One example: In both DEEP and DEEP-ER we use OmpSs for offloading large tasks, which include internal MPI communication, to either the Cluster or the Booster. OmpSs, together with ParaStation MPI, has now been enhanced in such a way, that when you encounter an uncorrected error in the offloaded part of the program, the OmpSs runtime is able to re-execute this failed tasks on the remaining nodes – without having to kill any of the processes forming the main program which initiates the offloading. By this means we are able to implement an efficient and transparent resiliency mechanism without the need of introducing explicit checkpoint / restart calls into the application program.

TOP500 News: How do you foresee the results of DEEP-ER being used?

Suarez: For one, we make available our DEEP and DEEP-ER prototypes to application developers outside of the project. The idea is to educate users on this new type of architecture and let them play with it. Eventually, Eurotech plans to productize the DEEP-ER prototype after the project's end.

With DEEP this did not make too much sense as the technology based on KNC is about to be outdated.

Jülich Supercomputing Centre also plans to expand its JURECA system by a Booster of 10 petaflops in the midterm, also at production level obviously.

And finally, we have also plans to do further research and development and extend the Cluster-Booster concept to something we like to call Modular Supercomputing. The idea is to integrate, for example, a module for data analytics for the upcoming big data applications in HPC, just to name one of the technologically possible and interesting options.

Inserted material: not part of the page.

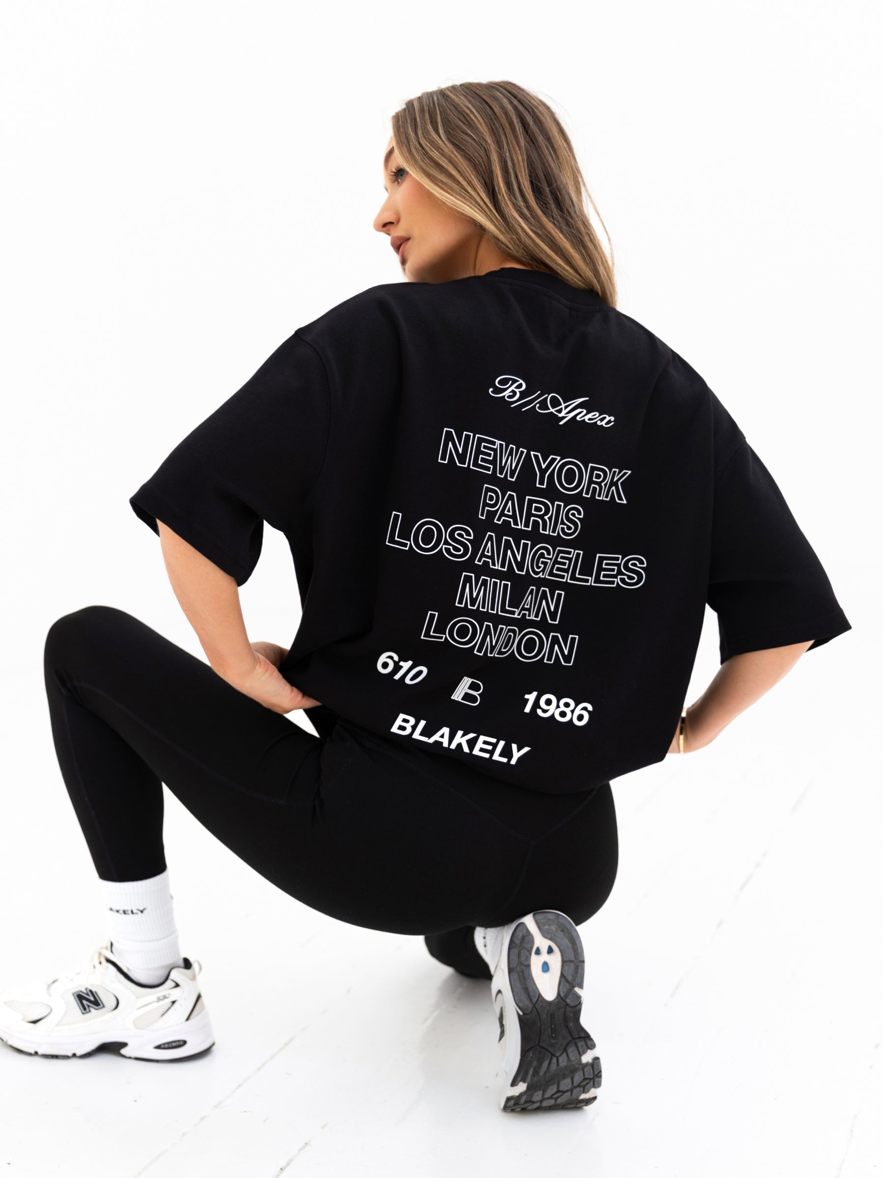 Our Apex City T-shirt features an Ultra Oversized fit. short sleeves and a crew neck design. making it ideal for everyday activities and lounging. It also showcases our Apex Cities branding on the chest and back. which complements the rest of the collection.

Regarding the software, both the ParaStation and OmpSs extensions developed during the two projects will be made available through the official releases of both software products. All of them have been implemented generically, so that they can be used in other kinds of heterogeneous systems, not only on the DEEP platform. This means that with this DEEP software, we are providing to all users an advanced programming environment for future kinds of heterogeneous HPC clusters. The idea is to make life easier by sticking to standards as much as possible, and hiding the hardware complexity from the users.

And last but not least, we made remarkable progress through the code modernization efforts in all the eleven applications that participated in the projects. These include research fields such as neuroscience, astrophysics, engineering, lattice QCD, and climate research.

The flexibility given by the DEEP platform enabled the code developers to think out of the box and come up with new ideas on future directions of development concerning their applications, from new code partitions to better approaches to data locality, and even to integration of further components of their workflow into the main application. Since all the application improvements and modifications have been done with general system design in mind, the codes are now in a much better position to efficiently run on any existing and upcoming HPC system, bringing new scientific and industrial opportunities to their communities.